Your best bet would be to take some gravel from your cycled tank and put it into the new tank. How many gallons is your new tank?

I'd have to go research Bio-Spira & SafeStart. The last I recall they weren't the same products. I'll to go check that


----------



## wmoyer2006 (Mar 7, 2009)

SAFESTART (instant tank cycler)(replacement for MarineLand "bio-spira")

I'm thinking of going with this. Or at least trying it. 

It says that it's the old Marineland version of Bio-Spira but I'm not sure.


----------



## aunt kymmie (Jun 2, 2008)

Well, my opinion (after having done everything right & wrong as a noob as far as tank cycling is concerned) would be to use established media from a cycled tank, especially since it's available to you. Many say SafeStart is a useless waste of money on a useless product, which it very well may be.

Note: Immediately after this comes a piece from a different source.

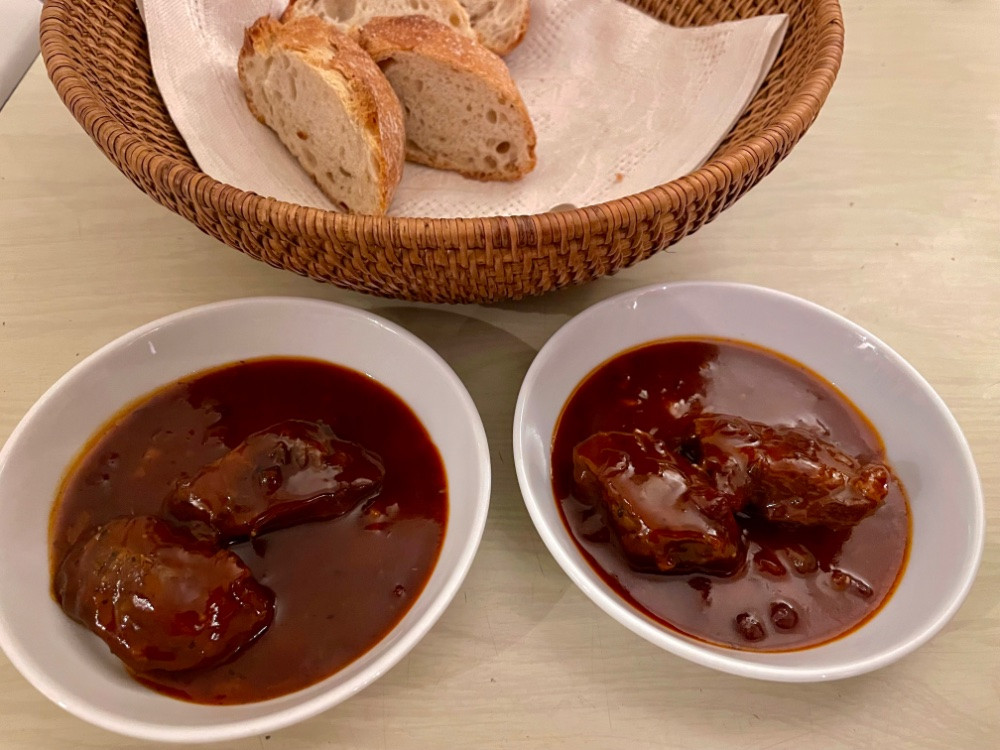 Signature Dish sind die Austern, krosser Austernpfannkuchen 25 cm Durchmesser mit ca. 20 Austern ... nun ja, lecker, aber ein wenig gewöhnungsbedürftig ... danach Softshell-Crab mit Eigelb-Sauce, lecker, knusprig und gut. Aber alles in allem zu viel, zu mächtig. - Wir verdauen gerade mit ein paar Gläsern eines einfachen Chardonnay aus Australien.

PS. I meant to add that if you were going to "try" the product I'd still use some media from your current tank in conjunction with the product. I'm 99% sure the product won't "harm" anything, only that it may be ineffective.


----------



## dramaqueen (Jul 7, 2008)

Kym, if you get gravel from an already established tank, how long would it take for, say a 2 1/2 gallon tank to cycle?


----------



## aunt kymmie (Jun 2, 2008)

I took a large amount of gravel from my cycled my 6gl, put it in a nylon hose and set it on the sand of another 6gl I had just set up. I added my new betta to my new tank at the same time I had added the established gravel. I tested the water daily and never had an am, nitrite or nitrate reading until day 6. On day 6 my readings where zero across the board except for my nitrate, which measured 5.0.
Don't quote me but I think this mean the tank cycled in 6 days. Keep in mind it was a SMALL tank and a LARGE amount of established media that was moved over.


----------



## dramaqueen (Jul 7, 2008)

I was just asking in case I cycle a tank in the future. I have a neighbor I could get gravel from. Thanks!


----------



## dramaqueen (Jul 7, 2008)

One more question, Kym, how much gravel would you use? A cup? Half cup?


----------